Dentro de mais alguns dias, conheceremos os votos dos ministros do STF encarregados de julgar Jair Bolsonaro e a pena imposta ao ex-presidente. O preocupante é que, por mais bem fundamentada que venha a ser a condenação, parcela não desprezível do eleitorado a considerará ilegítima.
No plano objetivo e abstraindo quaisquer considerações jurídicas, é zero a dúvida de que Bolsonaro atentou contra a democracia. Apenas tentar produzir razões "legais" para não entregar o poder após ter perdido uma eleição, algo que ele admite que fez, já viola as regras do jogo institucional. A essência da democracia é justamente fazer com que governantes que perdem eleições deixem o poder sem resistir.
Ainda que o ex-presidente achasse que a eleição foi marcada por irregularidades, não caberia a um candidato decretar isso. No mais, é difícil defender a ideia de que houve algum tipo de fraude contra o grupo político do ex-presidente quando se considera que vários governadores bolsonaristas foram eleitos e que seu partido fez a maior bancada da Câmara dos Deputados.
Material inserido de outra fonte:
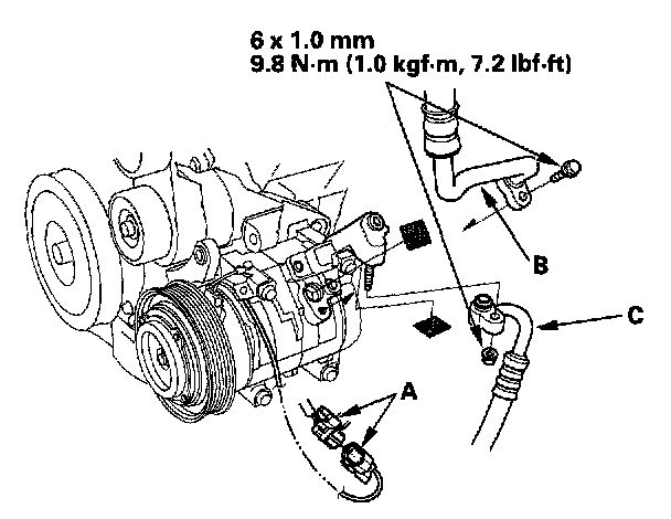 7. Disconnect the compressor clutch connector (A) remove the bolt and the nut, then disconnect the suction line (B) and discharge line (C) from the compressor. Plug or cap the lines immediately after disconnecting them to avoid moisture and dust contamination.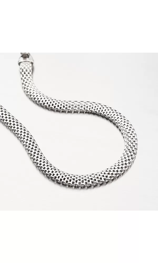 Náramok je vyrobený zo striebra o rýdzosti 925/1000 v lesklej povrchovej úprave s rhodiovaním. Ródium je ušľachtilý drahý kov zo skupiny platinových kovov. Rhodiovaním strieborných šperkov galvanickým nanášaním tohto drahého kovu sa stáva povrch šperku tvrdší, stálejší a odolnejší voči vonkajším vplyvom ako je mechanický oter, poškriabanie, nabiehanie striebra, ľudský pot, kozmetické prípravky a ďalšie. Ródium je antialergické.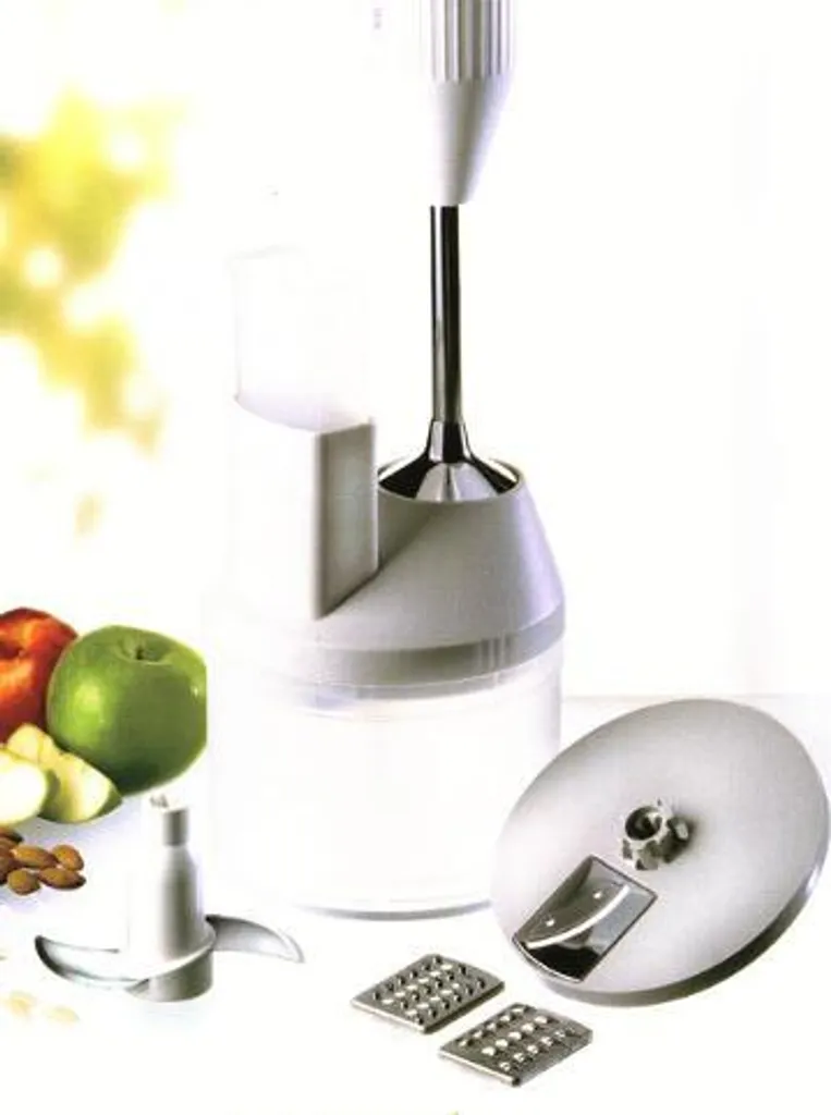 Universal Zerkleinerer perfekt auf ESGE-Zauberstab abgestimmt. Unentbehrlich in der Küche zum: Zerkleinern von Fleisch, Fisch, Kräutern, Babynahrung… Raspeln , Reiben von Nüssen, Käse (Parmesan) , Meerrettich…. Schneiden von Obst und Gemüse in Scheiben…. Transparenter Stopfer. Sämtliche Teile (außer Getriebeaufsatz) spülmaschinengeeignet. Zubehör: 1 Trägerscheibe. 1 Raspelscheibe Nr. 2 fein. 1 Raspelscheibe Nr. 3 grob. 1 Schneidscheibe Nr. 4 fein. 1 Hackmesser aus Edelstahl mit Messerschutz. 1 patentierter Einlegeteller. Sonderzubehör: Raspelscheibe Nr. 1 fein. Schneidscheibe Nr. 4 grob. Farbe grau , weiß.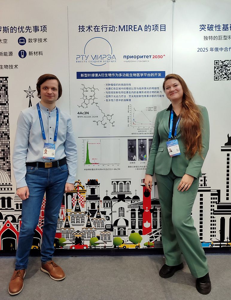 Минобрнауки России организовало на выставке объединённую экспозицию ведущих российских вузов и научно-исследовательских институтов. На стенде от РТУ МИРЭА была представлена разработка, посвящённая получению нового мультифункционального тераностического агента на основе природного хлорофилла, который потенциально может быть применён для фотодинамической терапии, флуоресцентной и радионуклидной диагностики.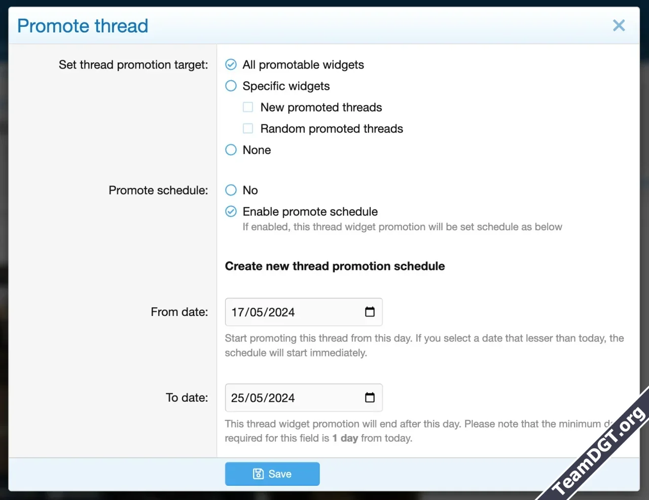 - Sort threads by post date, last message date, first post reaction score, reply count, view count, and promote date.

A pergunta que fica, então, é como milhões de brasileiros, que até prova em contrário não são doidos, ainda defendem Bolsonaro. A melhor hipótese que me ocorre para explicar isso é a levantada por Hugo Mercier e Dan Sperber, a cujo trabalho sempre aludo aqui. Para a dupla, a razão não evoluiu para nos tornar capazes de apurar fatos objetivos e encontrar verdades (ainda que possa em certas situações fazer isso), mas para nos capacitar a vencer debates e ficar bem diante do grupo.
Hoje, com as redes sociais, cada um carrega seu próprio grupo no bolso e com ele interage o tempo todo, o que leva à multiplicação dos reforços positivos que o indivíduo recebe cada vez que se mostra leal aos consensos de seus pares. O resultado desse processo é a cristalização e até a radicalização das posições do grupo.
Punir os golpistas é uma necessidade para desestimular ataques futuros, mas não deve mudar muito o quadro de polarização afetiva que divide o país.